* **REQUIREMENT**
Please copy every record below exactly and leave out the pictures.
____
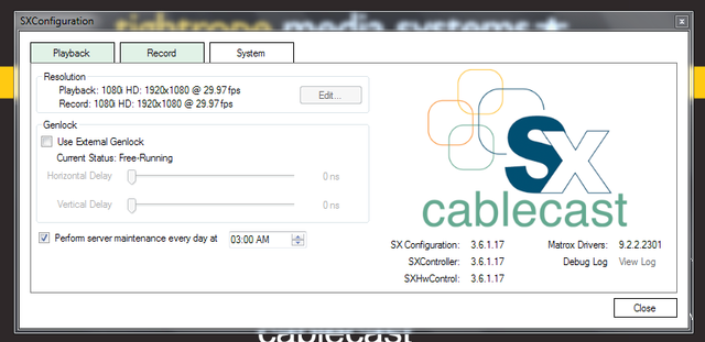 The SXConfiguration application is an application that runs on your SX server. It allows you to configure basic global settings for the server, and allows for playback and recording for testing purposes. The application starts automatically when Windows starts and is normally hidden.
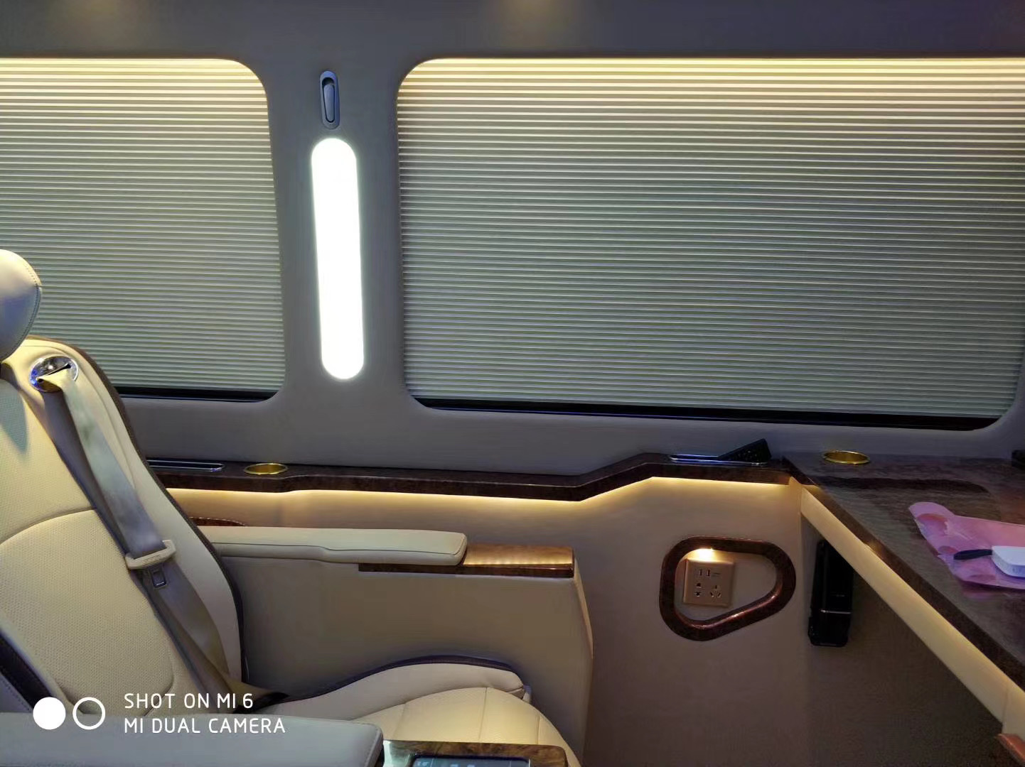 丰田考斯特作为一款高档公商务车,考斯特自然配有与它相称的高级地毯,改装之后的地毯散件有着阻燃,抗静电,防滑,环保等优质性能,为您带来更好的乘坐体验。豪华首长席办公桌桃木纹与真皮结合,桌面带有杯托,220V电源转接盒,对讲机,抽屉,安全扶手,隐藏式电动水壶,小型车载打印机等多种多用配置,丰田考斯特改装商务车在内饰的设计上带给我们更多的贴心和舒适。可折叠秘书桌面板采用桃木纹装饰,集实用与美观于一体,力求最大限度地造福乘驾者。
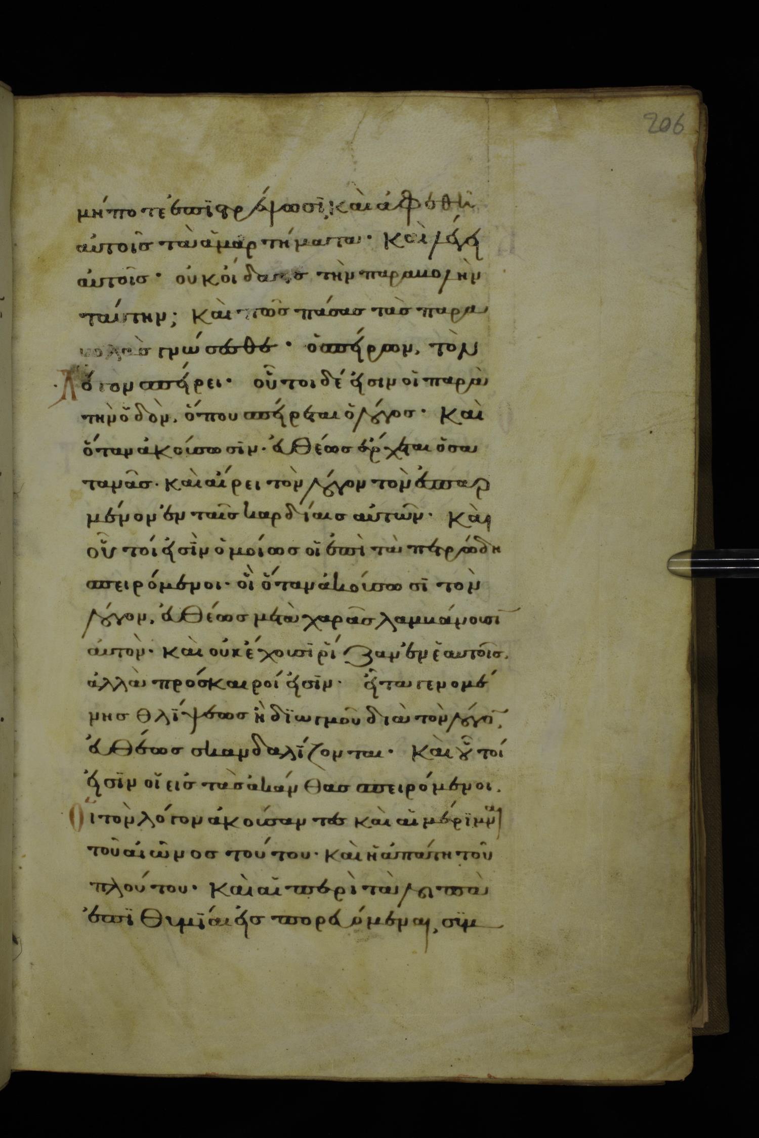 Fourteenth century minuscule of the Gospels on parchment; 332 leaves, 1 column, 20-22 lines per column. Images were taken at the National Library of Greece in Athens.
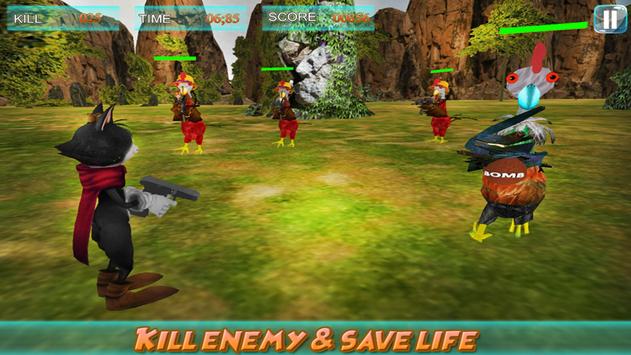 In this shooting game play like a security officer but also you have to save yourself from enemy attack. The real fun of this game is when you know that the Tom Cat is playing a role of security officer and your enemies are crazy chicken they can attack on you because they are sharp shooter, archers and suicide bomber. You have to save your life because after every attack your health will decrease. Most important thing is save yourself from suicide bomber because if he comes near you there will be a blast and you will lose your life. Show your shooting skills and play like an elite killer to reach the next level of this shooting game. Therefore, kids are you ready for this ultimate combat of madness? Download this game and show your friends how professional gun shooter you are.
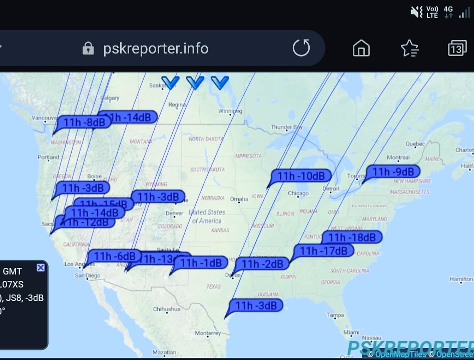 Most of my tests have been well below freezing temps. With today’s warmer temps, extra 5 watts and longer transmissions, the Packtenna EFHW had no chance.
____
* **TASK RESULT**
 The SXConfiguration application is an application that runs on your SX server. It allows you to configure basic global settings for the server, and allows for playback and recording for testing purposes. The application starts automatically when Windows starts and is normally hidden.
 丰田考斯特作为一款高档公商务车,考斯特自然配有与它相称的高级地毯,改装之后的地毯散件有着阻燃,抗静电,防滑,环保等优质性能,为您带来更好的乘坐体验。豪华首长席办公桌桃木纹与真皮结合,桌面带有杯托,220V电源转接盒,对讲机,抽屉,安全扶手,隐藏式电动水壶,小型车载打印机等多种多用配置,丰田考斯特改装商务车在内饰的设计上带给我们更多的贴心和舒适。可折叠秘书桌面板采用桃木纹装饰,集实用与美观于一体,力求最大限度地造福乘驾者。
 Fourteenth century minuscule of the Gospels on parchment; 332 leaves, 1 column, 20-22 lines per column. Images were taken at the National Library of Greece in Athens.
 In this shooting game play like a security officer but also you have to save yourself from enemy attack. The real fun of this game is when you know that the Tom Cat is playing a role of security officer and your enemies are crazy chicken they can attack on you because they are sharp shooter, archers and suicide bomber. You have to save your life because after every attack your health will decrease. Most important thing is save yourself from suicide bomber because if he comes near you there will be a blast and you will lose your life. Show your shooting skills and play like an elite killer to reach the next level of this shooting game. Therefore, kids are you ready for this ultimate combat of madness? Download this game and show your friends how professional gun shooter you are.
 Most of my tests have been well below freezing temps. With today’s warmer temps, extra 5 watts and longer transmissions, the Packtenna EFHW had no chance.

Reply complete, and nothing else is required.